OPINION
John A. Hilsher, Larry A. Green and James H. Lyons (appellants) appeal from a judgment in favor of Merrill Lynch (appel-lee). Merrill Lynch filed suit to recover the deficits arising from appellants’ commodity futures trading accounts. The case was tried to a jury which found in favor of appellee on most issues. Appellants bring fifteen points of error. We affirm.
After initial success appellants began to lose money in their trading activities. According to Merrill Lynch such losses were due to the unorthodox strategy of Hilsher regarding investment in commodity futures. Hilsher’s strategy was to keep his position when the market declined instead of selling out. He preferred to wait for market rebounds hoping to outlast the downturns. While Hilsher’s strategy was initially successful, the market eventually turned against him and he began to sustain large losses in both accounts. As the losses mounted, Merrill Lynch sent appellants numerous commodity margin call reminders which requested appellants to reduce their deficits. Appellants’ failure to meet their margin calls finally caused Merrill Lynch to liquidate their accounts. After liquidation of the accounts, Merrill Lynch filed suit against appellants to recover the losses.
At trial forty-two special issues were submitted to the jury, thirty-three of which were answered by them. At the conclusion of the trial, Merrill Lynch moved the court to disregard the jury’s answers to Special Issues No. 20 and No. 21, which were answered favorably to appellants, and to enter final judgment. The trial court granted Merrill Lynch’s motion and signed an order disregarding Special Issues 20 and 21 and signed the final judgment.

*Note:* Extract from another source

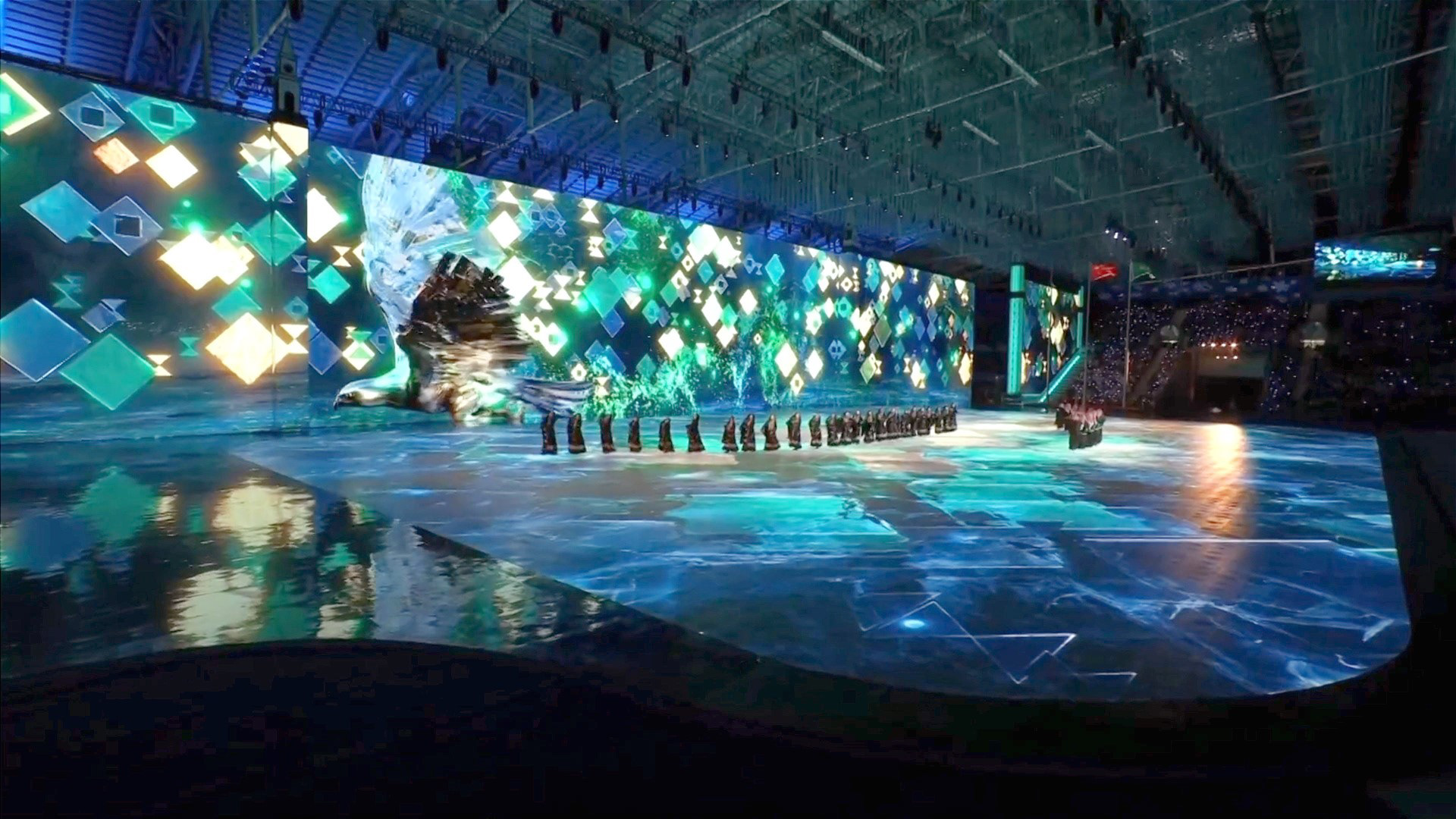 The protagonist of this act is a majestic metallic falcon, a national symbol of strength and vision, soaring through this dreamlike landscape and carrying the spirit of the Games forward.

Appellants bring fifteen points of error, thirteen of which complain of the trial court’s failure to submit special issues requested by appellants.
In points of error one and two appellants complain of the trial court’s granting Merrill Lynch’s Motion to Disregard Special Issues 20 and 21. In Special Issue 21 the jury found that the contract made the basis of Merrill Lynch's claim was illegal under federal law, and in Special Issue 20 the jury found that this same contract was illegal under Texas law.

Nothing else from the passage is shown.